◆ INFORMATION PROVIDED:
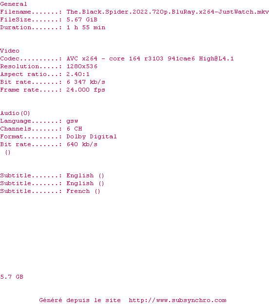 | JustWatch | The.Black.Spider.2022.1080p.BluRay.x264-JustWatch OpenSubtitles | 0 fichier | |||
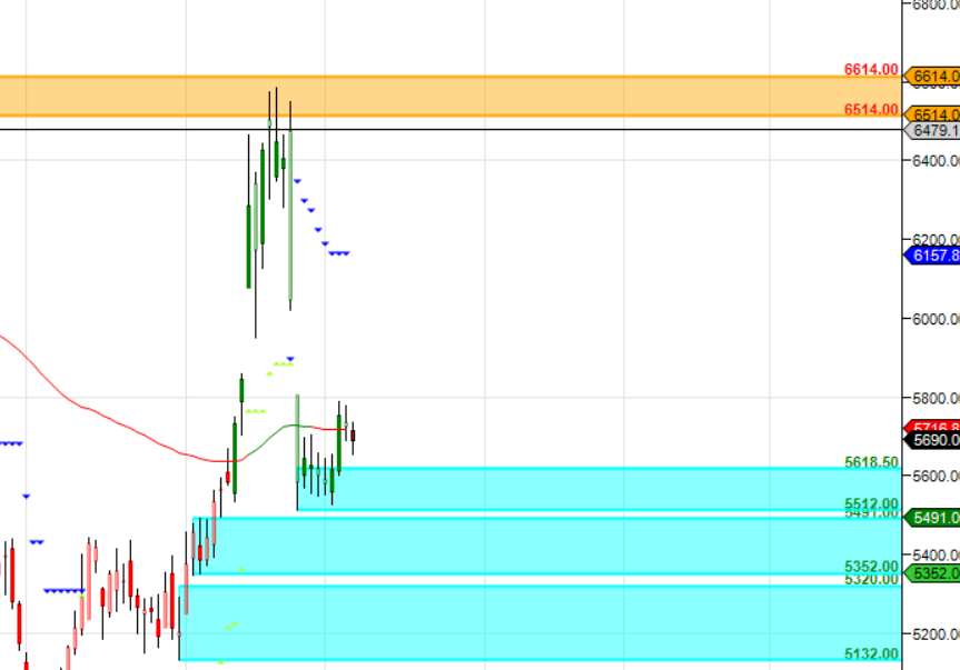 Price has bounced from Shark Pattern PRZ zone heading towards 5900 till holding 5500.
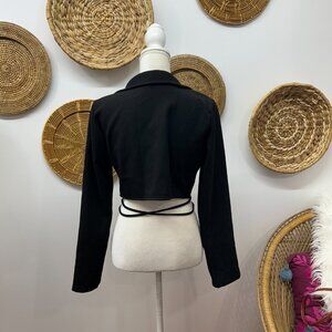 Zara Neutral Black V-Neck Knit Collared Tie Wrap Around Top Shirt Large
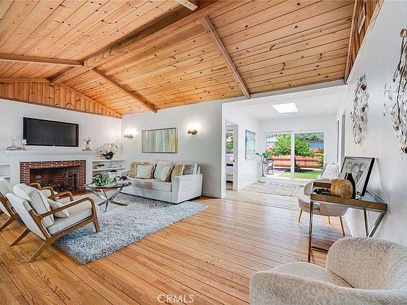 This beautifully upgraded 3-bed, 2-bath home blends charm, comfort, and modern convenience—complete with the white picket fence! Located in a friendly pocket within the Colfax Charter School District and near top magnets like North Hollywood High’s Gifted Magnet, this home is ideal for families and entertainers. Out front, enjoy a lush lawn, blooming roses, mature persimmon trees, and a striking burgundy flowering Crape Myrtle tree—adding year-round curb appeal. Enter into a spacious living room with vaulted wood ceilings and a cozy fireplace. A bright den with skylight and sunroof leads to a backyard with mature lemon and navel orange trees—and potential for more. The open kitchen features quartz counters, modern backsplash, sleek cabinetry, stainless appliances, heavy-duty exhaust, and recessed lighting. Adjacent is a laundry area with front-load washer/dryer and ample storage. The large primary bedroom includes a custom-organized closet. A third bedroom with built-in Murphy bed offers flexible guest or office use. Both bathrooms have been stylishly renovated. Eco-conscious upgrades include attic insulation, upgraded electrical, central A/C, and a garage with EV charger. With easy access to freeways, shops, and dining, this is Valley Village living at its best.

◆ WORK TASK:
Please give back the data above word for word, with no pictures included.

◆ THE ANSWER:
 | JustWatch | The.Black.Spider.2022.1080p.BluRay.x264-JustWatch OpenSubtitles | 0 fichier | |||
 Price has bounced from Shark Pattern PRZ zone heading towards 5900 till holding 5500.
 Zara Neutral Black V-Neck Knit Collared Tie Wrap Around Top Shirt Large
 This beautifully upgraded 3-bed, 2-bath home blends charm, comfort, and modern convenience—complete with the white picket fence! Located in a friendly pocket within the Colfax Charter School District and near top magnets like North Hollywood High’s Gifted Magnet, this home is ideal for families and entertainers. Out front, enjoy a lush lawn, blooming roses, mature persimmon trees, and a striking burgundy flowering Crape Myrtle tree—adding year-round curb appeal. Enter into a spacious living room with vaulted wood ceilings and a cozy fireplace. A bright den with skylight and sunroof leads to a backyard with mature lemon and navel orange trees—and potential for more. The open kitchen features quartz counters, modern backsplash, sleek cabinetry, stainless appliances, heavy-duty exhaust, and recessed lighting. Adjacent is a laundry area with front-load washer/dryer and ample storage. The large primary bedroom includes a custom-organized closet. A third bedroom with built-in Murphy bed offers flexible guest or office use. Both bathrooms have been stylishly renovated. Eco-conscious upgrades include attic insulation, upgraded electrical, central A/C, and a garage with EV charger. With easy access to freeways, shops, and dining, this is Valley Village living at its best.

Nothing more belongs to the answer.